15 марта я прихожу домой из церкви, ко мне бросается Надя, помощница по хозяйству, со словами: «Звонили из больницы! Коля вышел из комы!» И тут же мчусь в реанимацию. Приезжаю, а он лежит, как лежал. Никаких изменений, никаких намеков на то, что он меня слышит, видит… Я бегу к Крылову, и он объясняет, что это только в кино так бывает — больной после глубокой комы открывает глаза и сразу же начинает говорить, улыбаться, целовать любимых… В жизни все по-другому. «Он всплыл, и это главное», — говорит профессор. Видимо, по их счетчикам, по приборам, было видно, что мозг начал работать. Но я-то в этом ничего не понимаю и потому все время спрашиваю: «Где это видно?

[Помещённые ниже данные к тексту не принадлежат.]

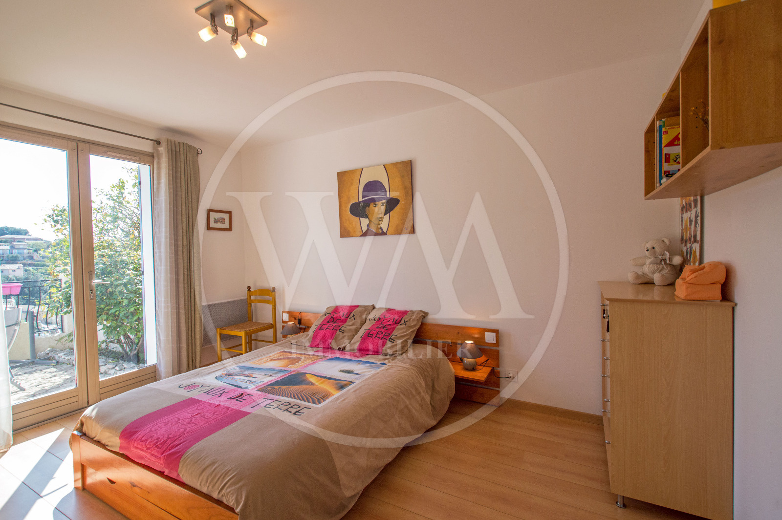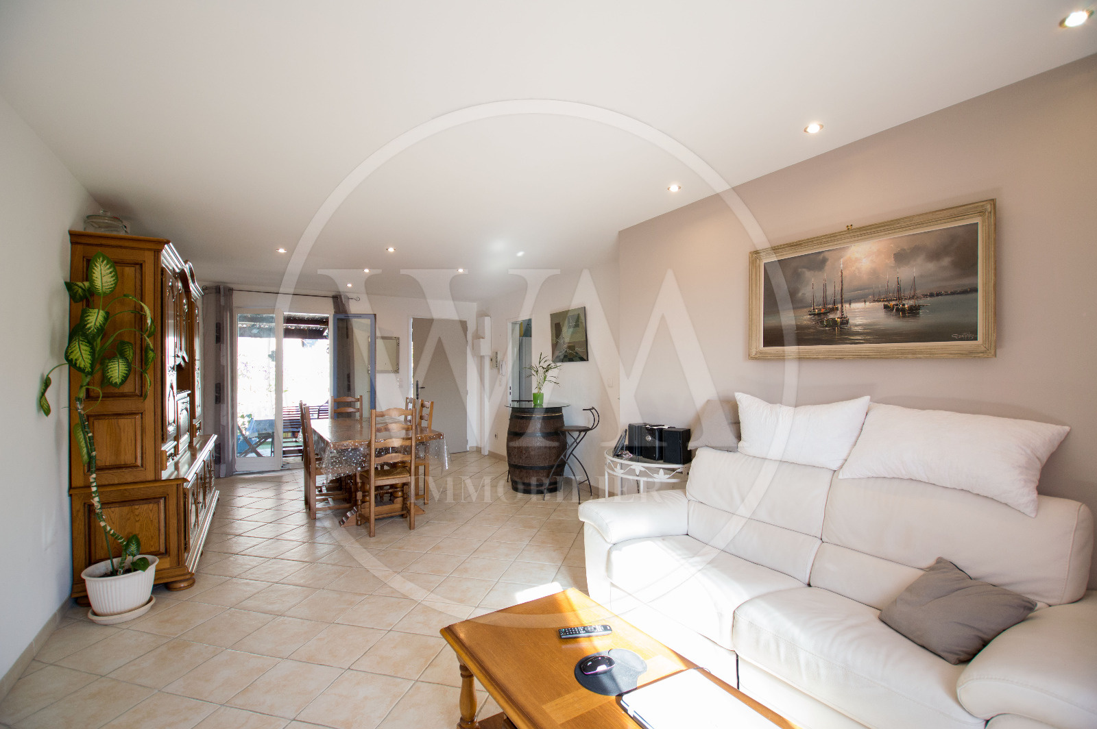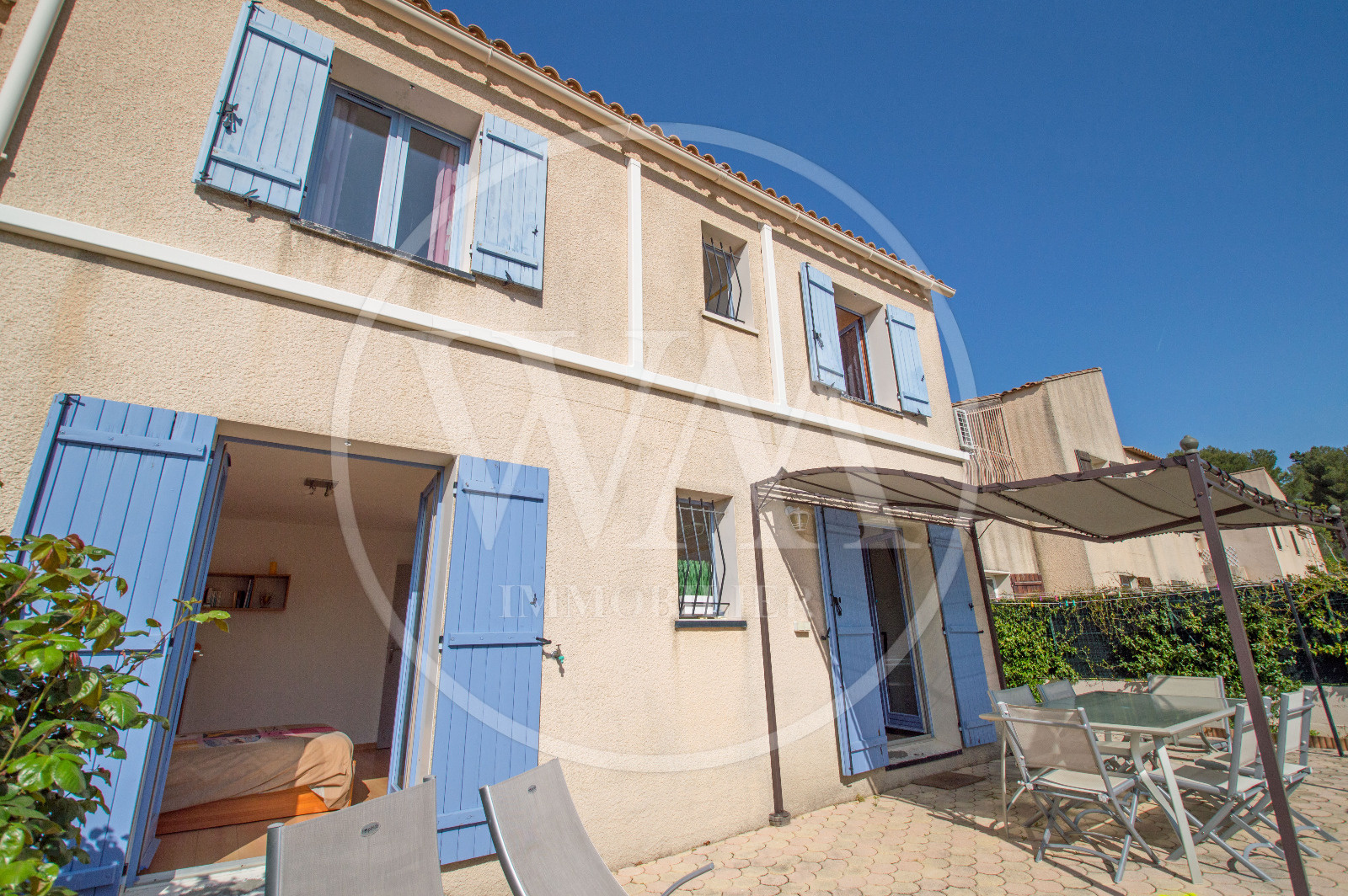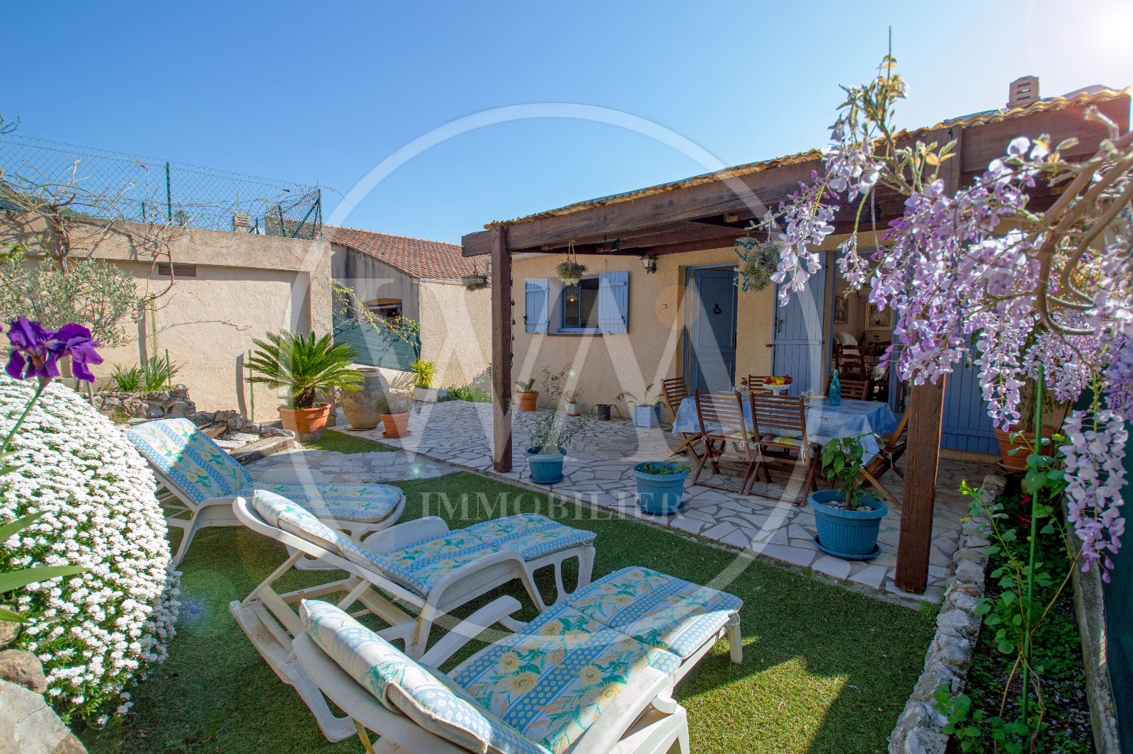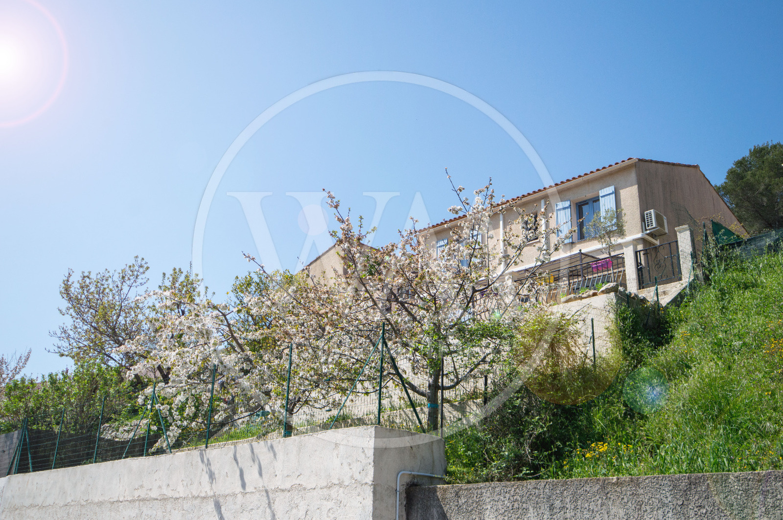 Dans un Domaine de Standing et fort d'histoire où nous n'avons nul besoin de rappeler que Marcel Pagnol avait choisi de s'établir pendant près de trente ans pour ses qualités et la beauté des paysages, un véritable havre de paix situé dans les collines entre la Gaude et Cagnes sur Mer. Le Domaine de l'étoile comprend une école maternelle et élémentaire, un hôtel 4*, un centre sportif et des espaces boisés. Jolie villa de trois à quatre pièces de 90 m², jumelée d'un côté, sur un niveau, en très bon état d'entretien avec grandes terrasses et jardins, vue dégagée sur les collines du domaine et les montagnes. Composée d'un séjour de 30 m², d'une cuisine indépendante, d'un dégagement, d'une chambre et d'une salle de douche avec wc, d'une terrasse avec jardin et d'emplacements de stationnement pour deux véhicules. Au rez de chaussée un appartement de deux pièces avec son entrée indépendante, possibilité location saisonnière, composé d'un séjour avec cuisine US, d'une salle de douche avec wc, d'une chambre avec placard donnant sur une grande terrasse et un jardin en restanques complanté de cerisiers également au rez de chaussée une buanderie et un bureau. Les deux niveaux sont communiquant par un escalier intérieur et peuvent ainsi être réaménagés en 4 pièces.
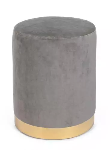 Pouf Cilindro Velluto Grigio Fascia Oro 40h
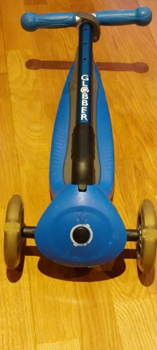 Patinete Globber de color azul, diseñado para ser plegable. Cuenta con luces y sistema de bloqueo.
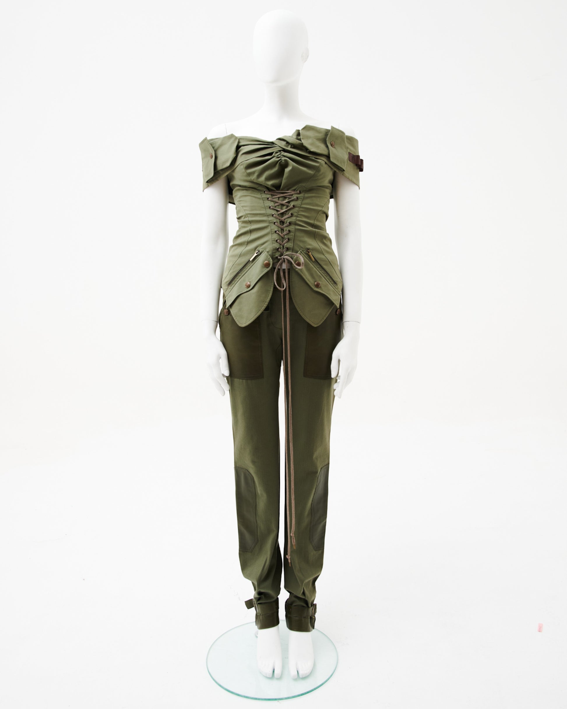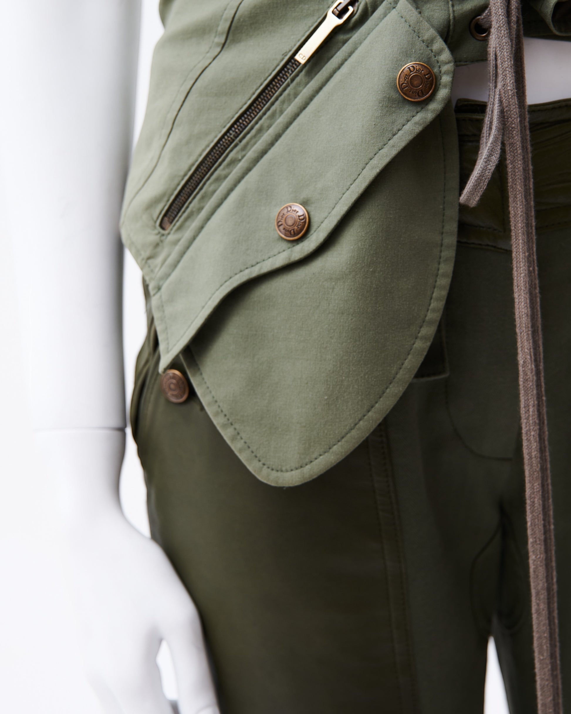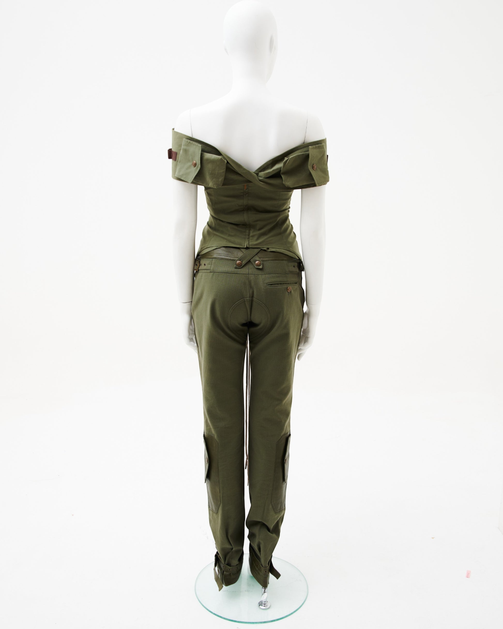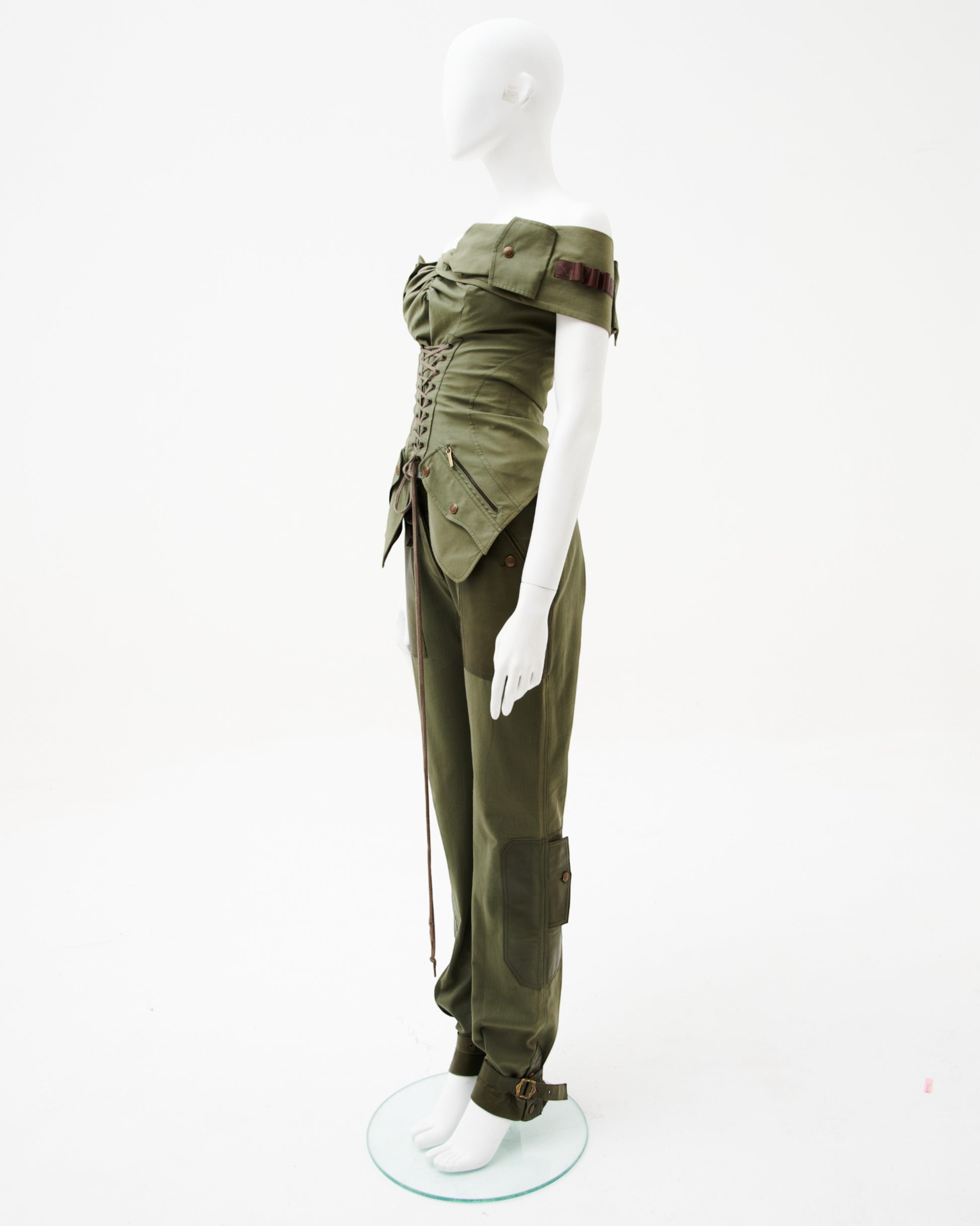 - Off-shoulder corseted top with functional cargo pockets on the shoulders and front panels

По каким признакам?» Крылов снова убеждает меня: «Поверьте, это так…» В этот же день ко мне подходит заведующий нейрореанимацией Царенко и говорит: «Можно я, наконец, пойду домой поспать?» А я смотрю на него, вижу — волосы у него какие-то вздыбленные — и думаю: «Что это он такой непричесанный?»

И ничего не соображаю. Говорю: «Да, конечно». А потом до меня доходит, что врачи, оказывается, все эти две недели никуда из больницы не уходили — спасали Коле жизнь…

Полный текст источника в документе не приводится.